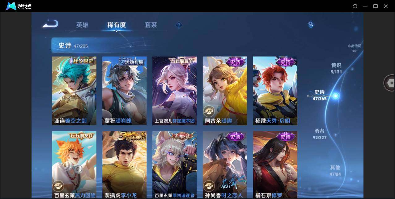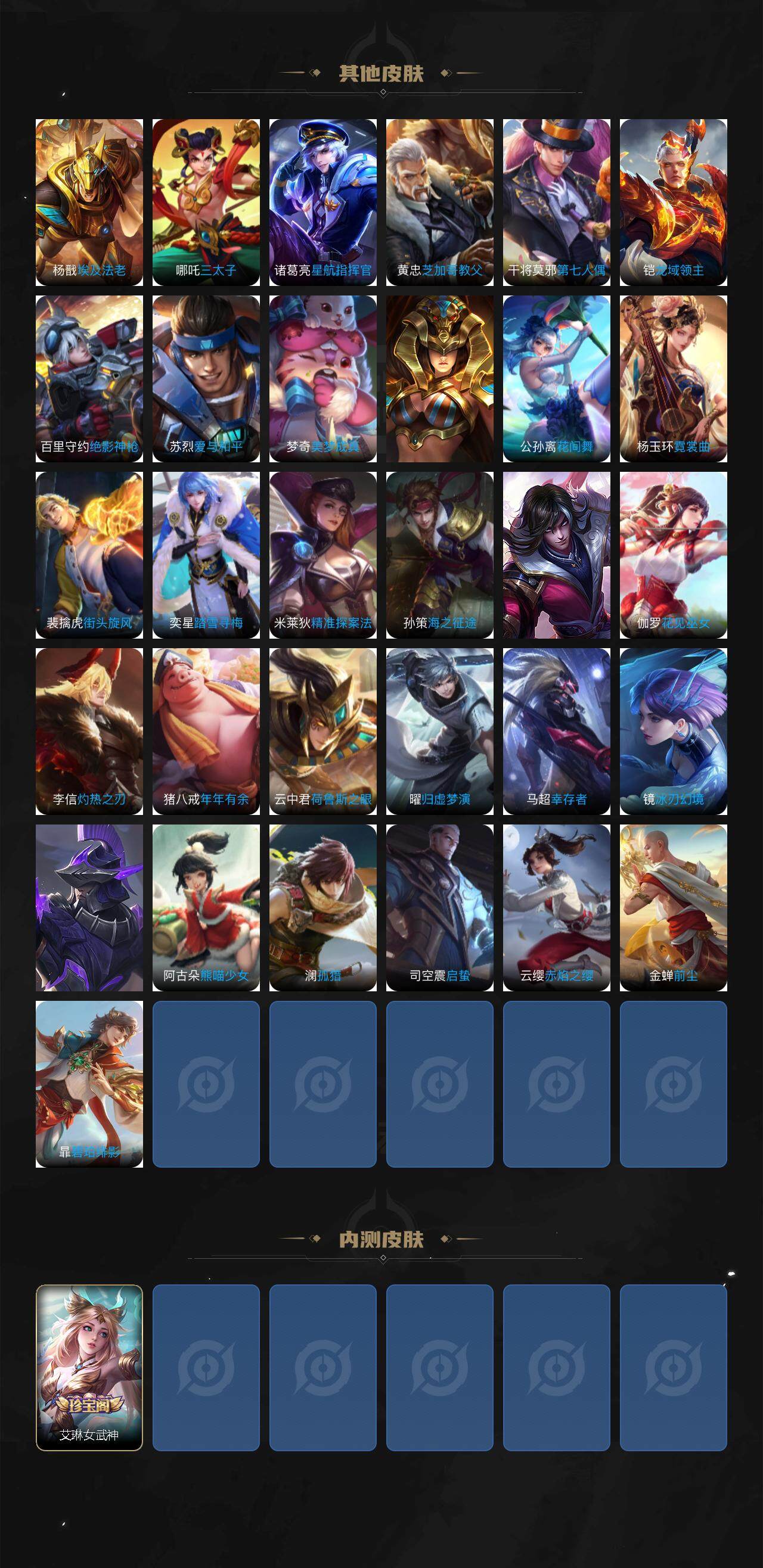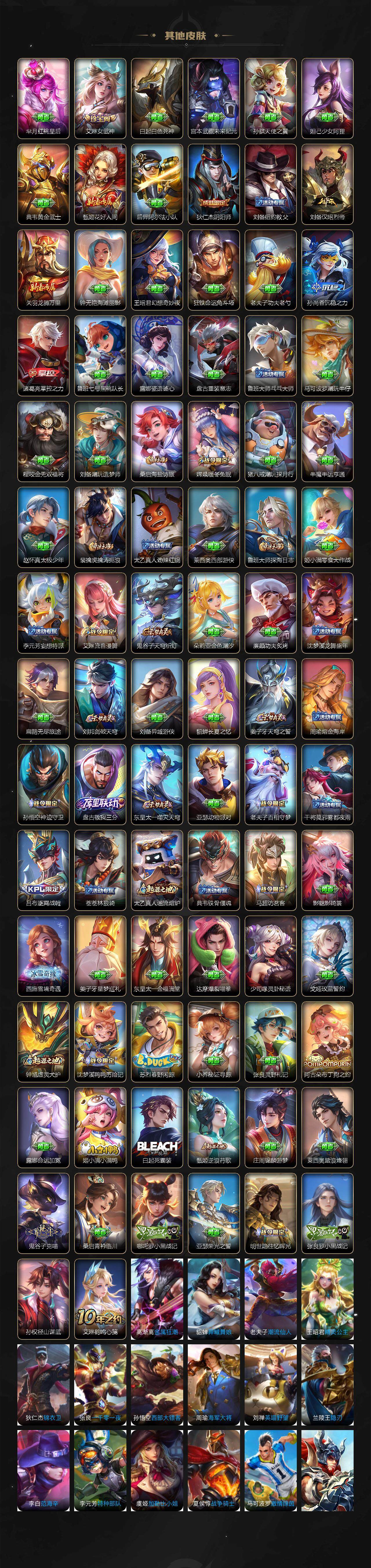 【限定皮肤】:蒙犽顽岩魄,姜子牙天穹之誓,狄仁杰阴阳师,赵云皇家上将,狄仁杰魔术师,项羽海滩派对,孙悟空至尊宝,百里玄策原初追逐者,裴擒虎李小龙
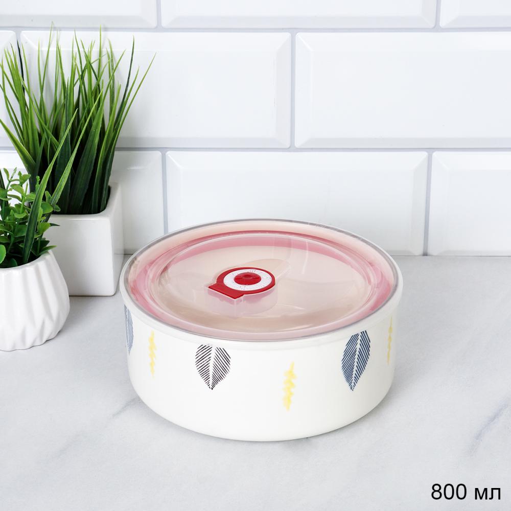 Контейнер-салатник из фарфора с пластиковой крышкой.
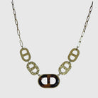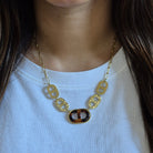 Un collier affirmé qui marie la force graphique des maillons grains de café et la chaleur d’un motif écaille. Sa chaîne dorée à grands maillons encadre un centre sculptural : une alternance de maillons texturés, lisses et ajourés, avec en point d’orgue un grand maillon écaille qui attire la lumière et capte tous les regards.
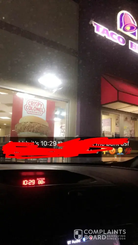 I got to Taco Bell and was waiting from 10:04 until 10:22 and my food was done but they told me they have to drop my empanadas and it will be 7 minutes longer and I waited till 10:39 and told a worker to tell the register lady "Sara" that I want my money back me and another gentle man we're waiting and he got his food when I got my money back the gentle man was 2 cars ahead of me, I am very dissatisfied I no longer was even hungry so many people were driving out and pulling into was ridiculous, some fast food spot they got running . Restaurant #E791064
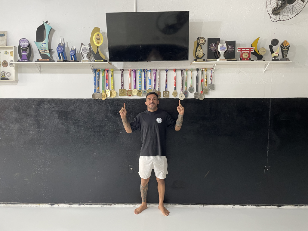 Rodrigo aponta para medalhas e troféus garantidos ao longo de sua carreira como lutador profissional de artes marciais
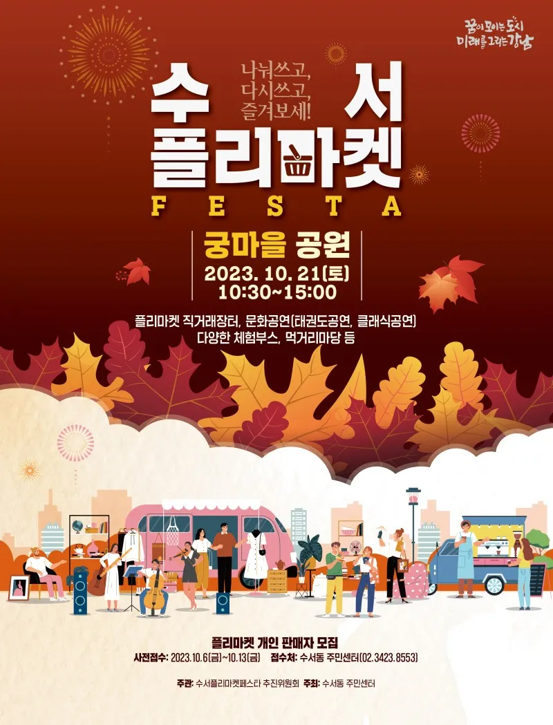 이번주 토요일(10/21) 제18회 수서 플리마켓 FESTA에 놀러오세요!
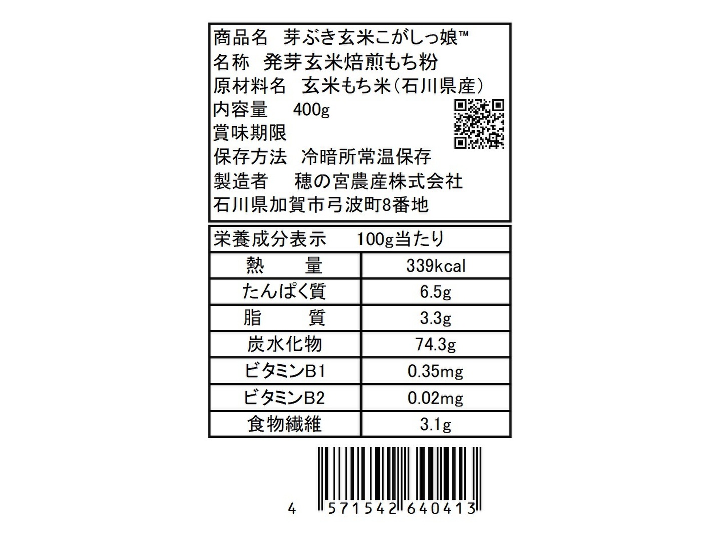 発芽玄米を焙煎し粉砕したもち米粉です。
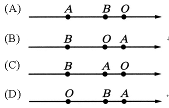 16. 在數線上,O為原點,A點的坐標為a,B點的坐標為b。利用下列三個已知條件,判斷A、B、O三點在數線上的位置關係。 已知條件:(1)a+b<0 (2)a-b>0 (3)ab>0 下列圖形何者正確?
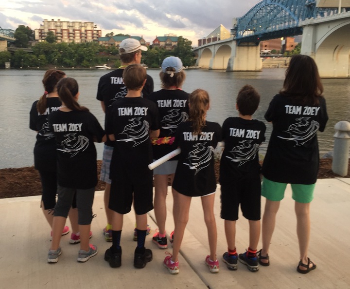 "Zoey had scoliosis surgery right after school was out for the summer so she couldn't participate in the local Color theCurve after Dark 5k. (A scoliosis fundraiser) We formed team Zoey and had shirts made to show her support. We put our school logo on the front and I sent a sidewalk chalk drawing she'd done of a dragon and CustomInk turned it into artwork for the back along with "team Zoey". Our shirts were printed with glow in the dark ink! They were great for the glow run and Zoey loved them!"
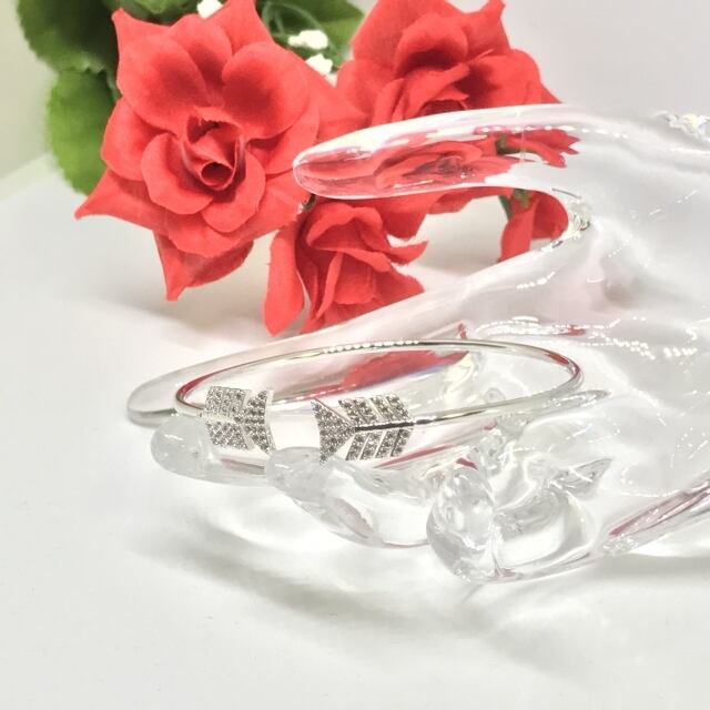 珍しい矢尻のデザインとジルコニアダイヤの輝きは、
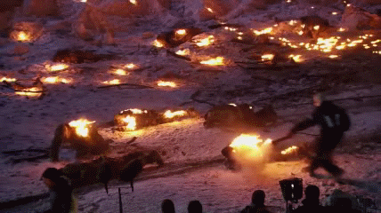针对野人部队强大的攻势,守夜人军团的防卫措施,简单而有效。其中有威力颇大的火油桶,从长城上扔下,被火箭引燃就会发生一场爆炸,杀伤力巨大。令人惊讶的是,如此威力的画面,居然是现场实拍。只能说,特技替身们的敬业精神,令人感叹。
------------------------------
An exact copy is needed of the stretch above that opens with the line containing "Rodrigo aponta para" and closes with the line containing "発芽玄米を焙煎し粉砕したもち米粉です。"; the pictures are not part of it.

 Rodrigo aponta para medalhas e troféus garantidos ao longo de sua carreira como lutador profissional de artes marciais
 이번주 토요일(10/21) 제18회 수서 플리마켓 FESTA에 놀러오세요!
 発芽玄米を焙煎し粉砕したもち米粉です。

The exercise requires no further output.